As for the most controversial issue now, "whether health education should be included in the high school entrance examination", both sides of the argument are valid. Supporters are mostly people from the education management department. They feel that only by adding rigid constraints can health classes be prevented from being forever occupied by mathematics and English. In 2022, Yunnan will include the physical health test points in the high school entrance examination, accounting for 20 to 40 points. This has indeed made many schools that did not even offer physical education classes begin to seriously test children's vision and arrange exercises. But the voices of opposition are also very real: front-line head teachers said that many schools, in order to collect scores, conduct surprise training before exams, asking children to run 5 kilometers every day to practice endurance, which in turn makes children who originally like to play sports become resistant to sports. ; Some students complained, "I originally had to memorize a lot of knowledge points, but now I have to memorize test points like 'drink 1500 ml of water every day', which makes me so bored that I don't want to drink water."

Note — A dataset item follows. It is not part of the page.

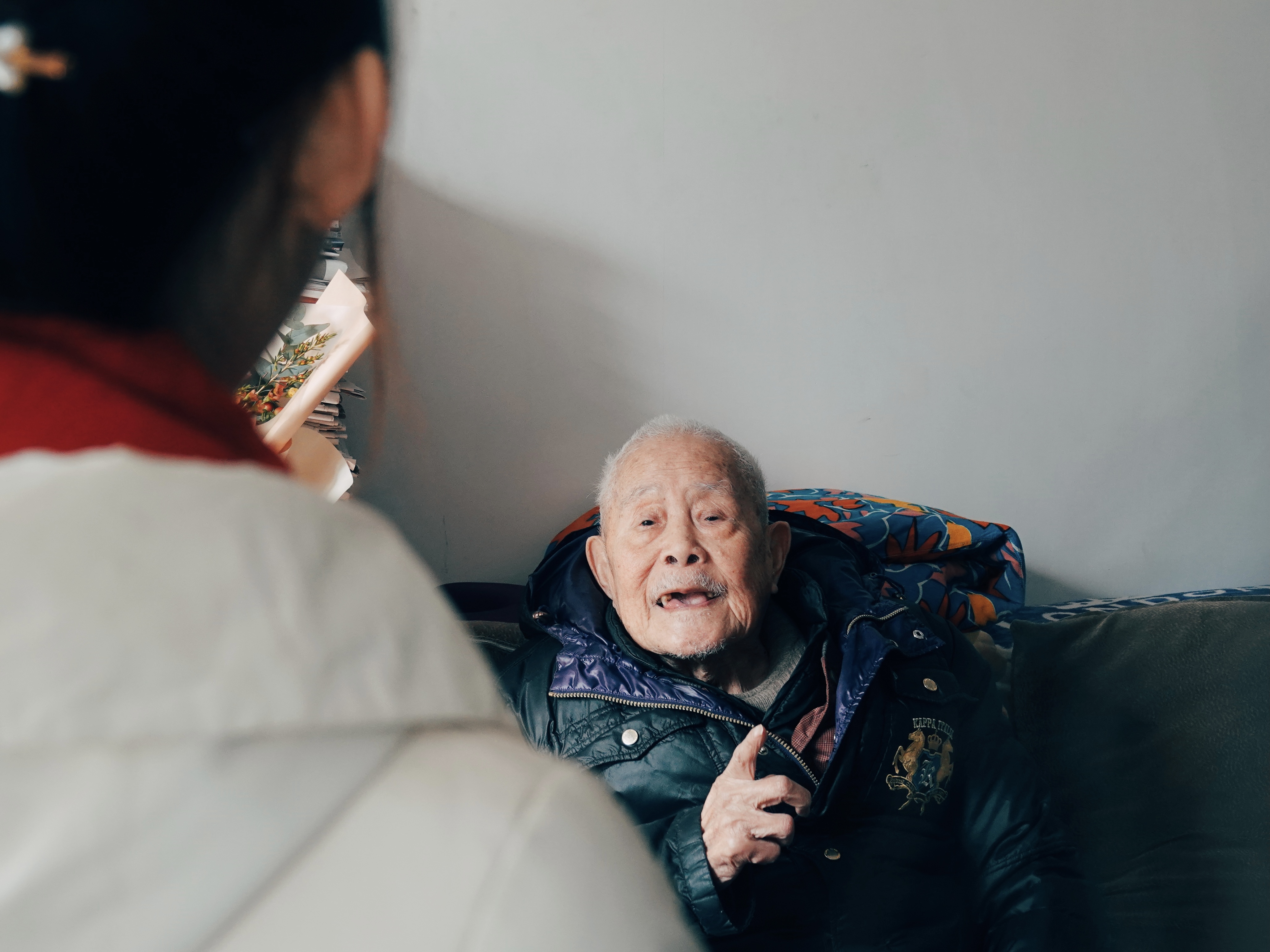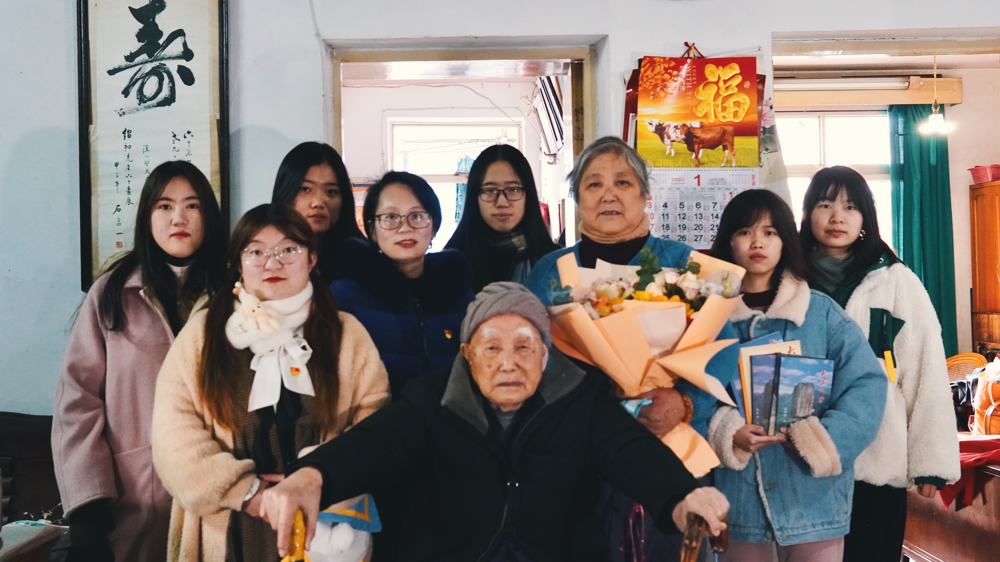 1月9日上午,辅导员李倩倩带领6位同学前往宁波市海曙区白云山庄慰问采访退休干部葛石峰同志。葛石峰同志今年96岁,历经一个世纪的洗礼仍然容光焕发。他曾多次参战,在抗日战争、解放战争和抗美援朝战争中表现十分勇猛。一个台风呼啸的夜晚,葛石峰同志及其战友共三人乘一小舟夜渡大河执行北撤的命令。期间战友受伤,他偶遇岛民并求助,恰好岛民一直以来对新四军心怀感恩,热情援助他们一行人。葛石峰同志讲述的这段经历十分生动,在场的同学放佛身临其境,不禁赞叹葛石峰同志机敏勇敢的行为。

In fact, to put it bluntly, youth health education has never been about planting crops, sowing seeds, watering and waiting for harvest at the right time. Instead, it is like installing a safety APP on a child’s mobile phone: you can’t force it on him and force him to open it. You have to make him really feel that this thing is useful - it can help him block out the messy health rumors, help him avoid staying up late, and make him not feel ashamed because of the normal changes of his body. Only then will he take the initiative to open it. A few days ago, I met a junior high school boy who I had researched before. He said that after listening to the sleep knowledge we talked about last time, he now puts his mobile phone in the living room after finishing his homework every day. He slept 40 minutes more than before, and his recent mock test score has improved by two places. You see, there is actually no need for so many fancy assessments. If you can really help the children, the lesson will not be in vain.